Alright, hope this metaclass-flavor singleton implementation is not too ugly, because this is actually more than a typical one — this singleton implementation is thread safe, guarded by double-checked locking. Why do we need thread safety? Because we use CherryPy as our HTTP server, where each HTTP request is served by a different thread, to attain the best possible throughput. So, when our server just launches, it immediately gets lots of requests, and there’s gonna be some occasion where singletons for the same class are almost simultaneously being requested (attribute that “almost” to Python’s GIL) — and we want to make sure only one has been instantiated in the end.

 
Wrapping Boto (and Failing)

Back to our main topic. To wrap our boto calls, taking the plurk mapping and atomic counter examples above, this was the first version of the modules I wrote…

class _DDBBase(Singleton):
  @override
  def init(self, *args, **kwargs):
    self._conn = boto.dynamodb2.connect_to_region(
      config.DYNAMODB_REGION,
      awesomes_access_key_id=config.DYNAMODB_ACCESS_ID,
      aws_secret_access_key=config.DYNAMODB_ACCESS_KEY
    )

class DDBPlurksMap(_DDBBase):
  @override
  def init(self, *args, **kwargs):    
    super(DDBPlurksMap, self).init(*args, **kwargs)
    self._ddb_plurks_map = DDBTable(config.DYNAMODB_TABLE_PLURKS_MAP, connection=self._conn) # from boto.dynamodb2.table import Table as DDBTable

  def get_shard_id(self, plurk_id, strong_consistent=False):
    try:
      item = self._ddb_plurks_map.get_item(consistent=strong_consistent, id=plurk_id)
    except ItemNotFound: # from boto.dynamodb2.exceptions import ItemNotFound
      return None
    else:
      return int(item['shard_id'])

class DDBAtomicCounters(_DDBBase):
  def _inc_and_get(self, key_name):
    res = self._conn.update_item(config.DYNAMODB_TABLE_ATOMIC_COUNTERS, {'name': {'S': key_name}}, {'number': {'Action': 'ADD', 'Value': {'N': '1'}}}, return_values='UPDATED_NEW')
    return int(res['Attributes']['number']['N'])

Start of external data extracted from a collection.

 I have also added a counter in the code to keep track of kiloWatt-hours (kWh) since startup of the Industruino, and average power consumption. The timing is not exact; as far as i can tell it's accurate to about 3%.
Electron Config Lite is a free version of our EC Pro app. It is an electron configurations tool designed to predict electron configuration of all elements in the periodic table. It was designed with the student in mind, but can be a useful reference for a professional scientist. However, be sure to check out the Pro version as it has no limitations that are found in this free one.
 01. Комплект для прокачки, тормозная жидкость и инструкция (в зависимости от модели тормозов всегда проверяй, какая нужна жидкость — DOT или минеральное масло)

  def next_magic_id(self):
    return self._inc_and_get('magic_counter')

Looks properly abstracted? Yeah, it turned out this code worked… most of the time, but not always: These pieces of codes were not thread-safe, because boto2 was not thread-safe due to its use of httplib. So, as all my threads shared only one DynamoDBConnection instance stored at _DDBBase._conn, I was perfectly on my way to all the (not so) nice racing conditions down the road. (The dynamodb2.table instance using that connection was also shared, and was probably in peril, too).

 
Thread-Local Storage to the Rescue (Not Really, Yet)

To solve this with boto2, I’d need one connection for each thread. To do that, I needed a thread-local storage. Uhm… I tried writing something like this.

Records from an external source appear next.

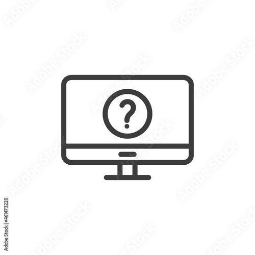 Desktop computer with info desk symbol. Computer with question mark symbol.
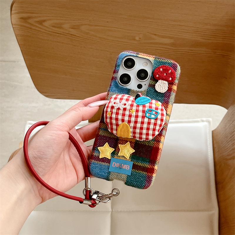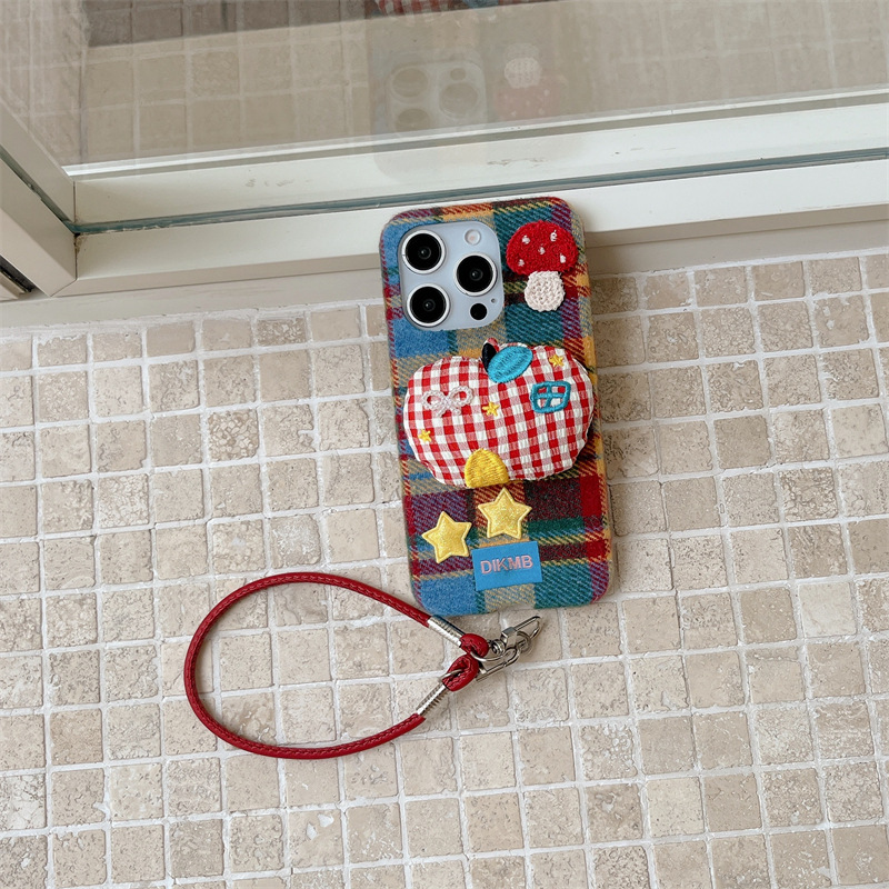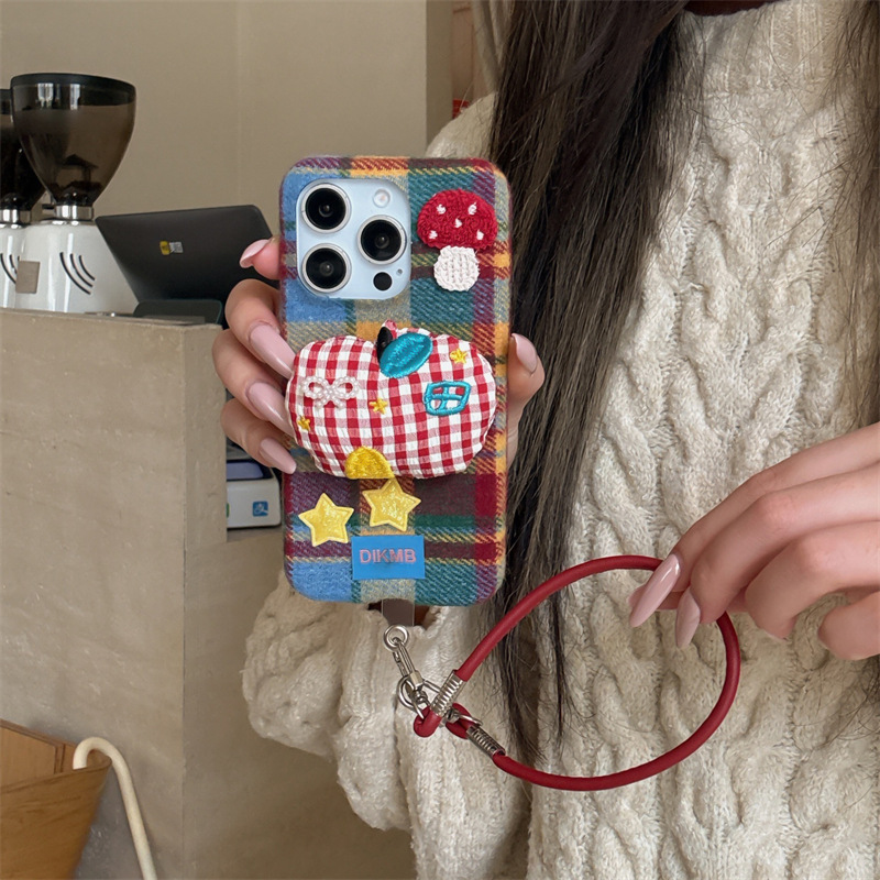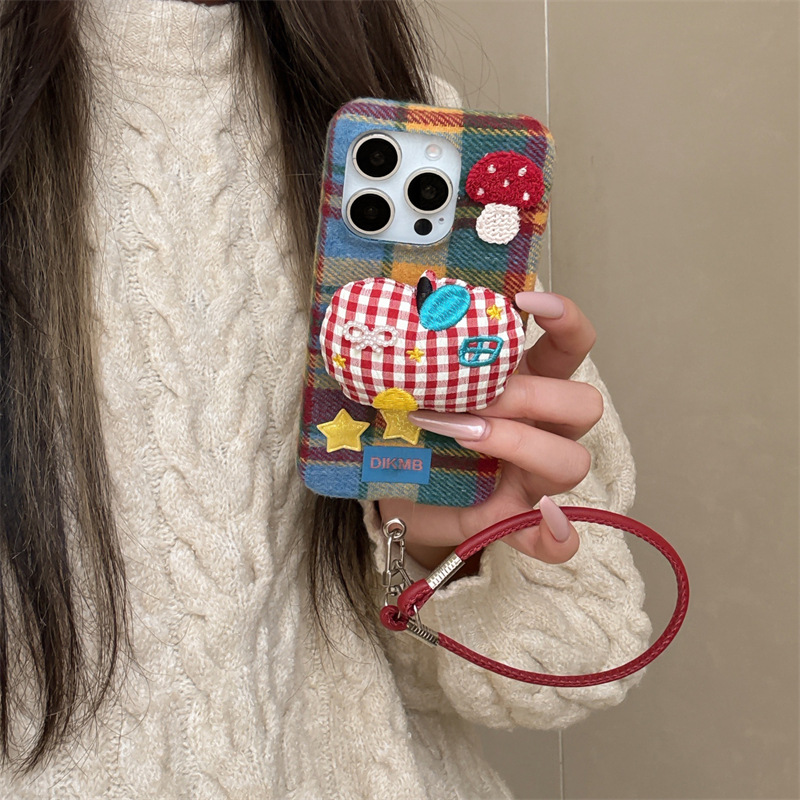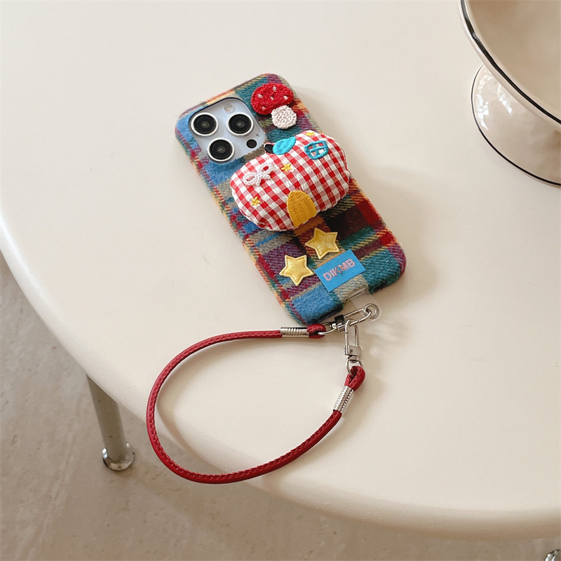 秋冬绒布立体苹果适用iPhone17promax手机壳挂绳16pro防摔15/14女
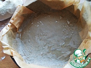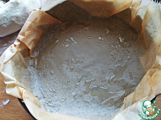 • Съёмную форму 17 см в диаметре застилаем смазанным пергаментом.
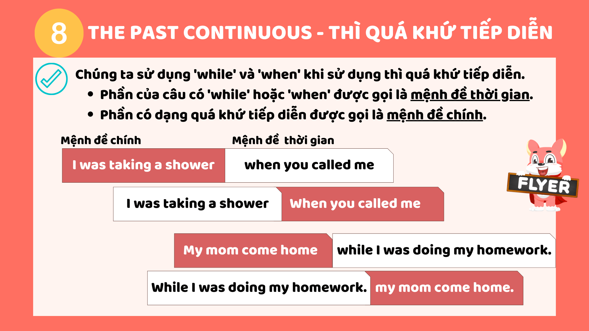 Ngoài ra, thì quá khứ tiếp diễn thường sử dụng “while” và “when” để mô tả hai hành động diễn ra song song trong quá khứ. Dựa vào mệnh đề của “while” và “when”, con có thể chia động từ đúng với thì.

class _DDBBase(Singleton):
  @override
  def init(self, *args, **kwargs):
    self._tls = threading.local() # <- here it is
    self._tls.conn = boto.dynamodb2.connect_to_region(
      config.DYNAMODB_REGION,
      awesomes_access_key_id=config.DYNAMODB_ACCESS_ID,
      aws_secret_access_key=config.DYNAMODB_ACCESS_KEY
    )

class DDBPlurksMap(_DDBBase):
  @override
  def init(self, *args, **kwargs):    
    super(DDBPlurksMap, self).init(*args, **kwargs)
    self._tls.ddb_plurks_map = DDBTable(config.DYNAMODB_TABLE_PLURKS_MAP, connection=self._tls.conn)

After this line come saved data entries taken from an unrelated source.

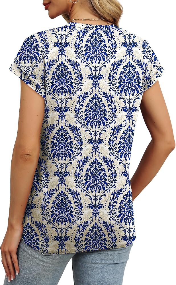 Material: Print Tops-95% polyester and 5% spandex,Solid Color Tops-60%Polyester,35%Rayon,5%Spandex. This T-shirt is soft and skin-friendly, breathable but won't see through, and will give you comfort throughout the day
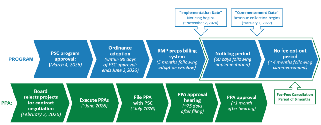 The Community Renewable Energy Program marks a significant and exciting step toward community-driven clean energy adoption!  The opportunity is now firmly in local hands. If you would like more information about how you can get involved and reach out to your city council members about this opportunity, see this page, organized by some of our grassroots partners. (see a graphic of the estimated timeline from the Community Renewable Energy Agency below)
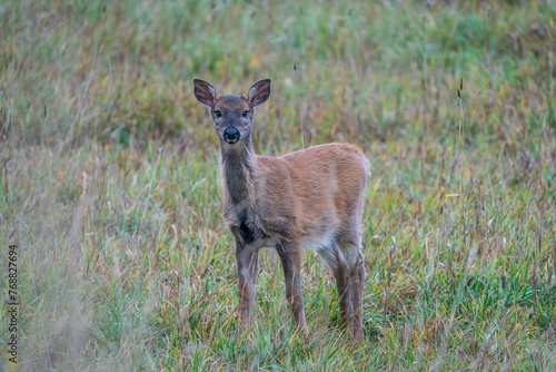 Fototapeta premium Majestic whitetail deer in a sunlit field in Finland.
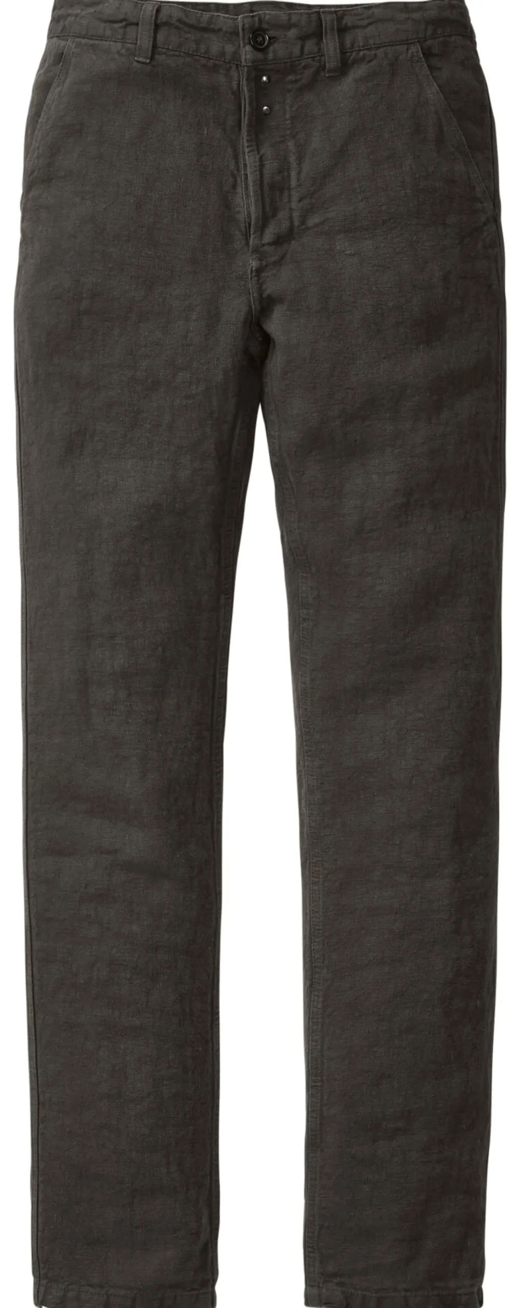 Ungefütterte Leinenhose, die mittels Knopfleiste, Knopf und Sicherheitshaken geschlossen wird. Die Hose ist mit zwei Seitentaschen und zwei Gesäßtaschen ausgestattet.
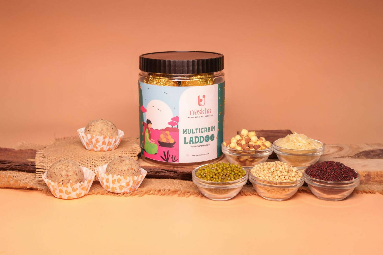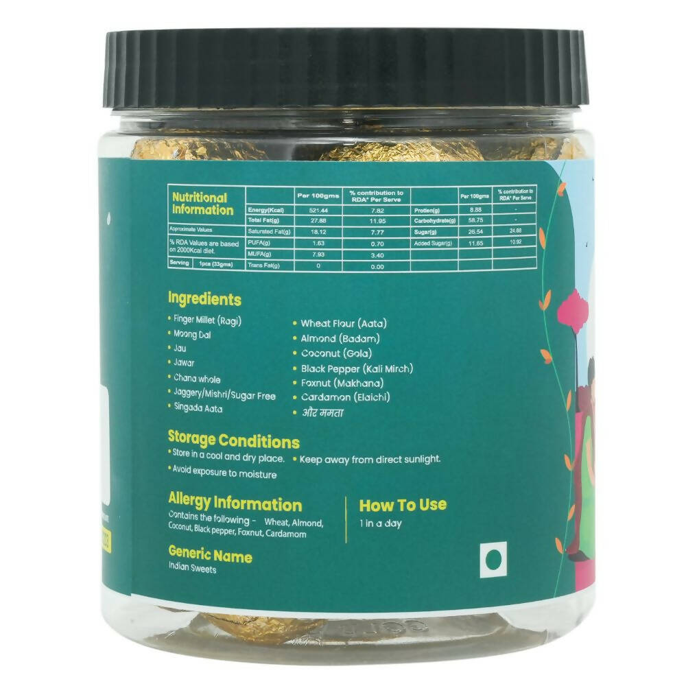 - The hearty, nutty essence of organic grains is perfectly paired with the natural sweetness of jaggery, creating a harmonious flavor profile. The laddoos are subtly spiced with fragrant cardamom and cinnamon, enhancing their taste complexity.
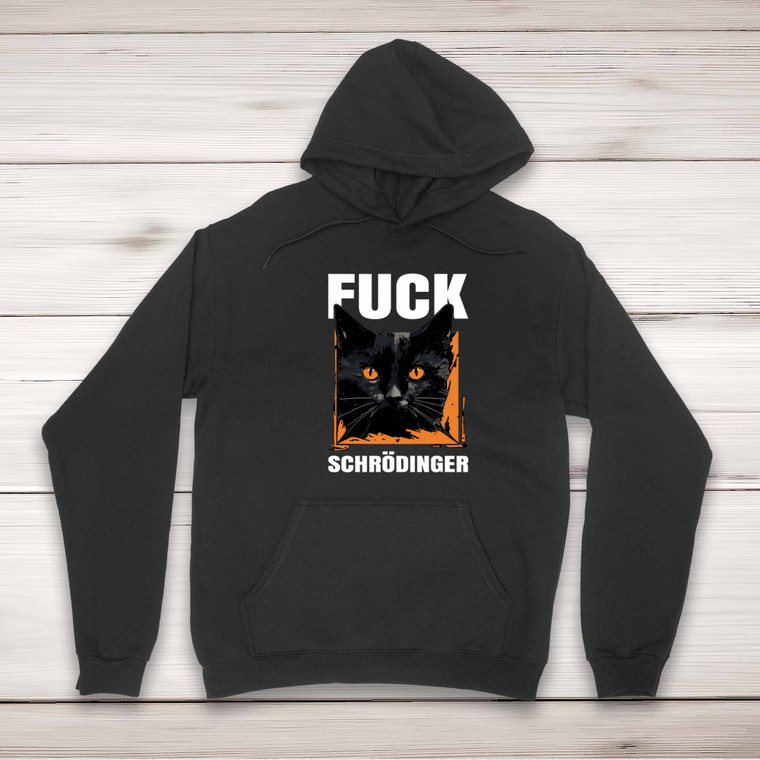 A rude hoodie with "Fuck Schrodinger" printed on the front of a unisex pullover hooded sweatshirt.

  def get_shard_id(self, plurk_id, strong_consistent=False):
    try:
      item = self._tls.ddb_plurks_map.get_item(consistent=strong_consistent, id=plurk_id)
    except ItemNotFound:
      return None
    else:
      return int(item['shard_id'])

For sure, this didn’t work: Since Singleton.init() was called only once for a class across the Python process’s entire life time, only one thread — the one that successfully acquired the singleton lock and executed that init() — had the DynamoDBConnection instance (and the dynamodb2.table instance in DDBPlurksMap‘s case) in its thread local storage. All other threads, while having their own thread-local storage as self._tls, didn’t get those instances constructed and stored, and would hit an AttributeError once they tried to access the instances.

 
Ugly Solution

Indeed, I could write something like the following…

class _DDBBase(Singleton):
  @override
  def init(self, *args, **kwargs):
    self._tls = threading.local()
    self.reinit()

  @overridable
  def reinit(self):
    self._tls.conn = boto.dynamodb2.connect_to_region(
      config.DYNAMODB_REGION,
      awesomes_access_key_id=config.DYNAMODB_ACCESS_ID,
      aws_secret_access_key=config.DYNAMODB_ACCESS_KEY
    )

…and have subclasses check for the need to reinit() whenever a method was called…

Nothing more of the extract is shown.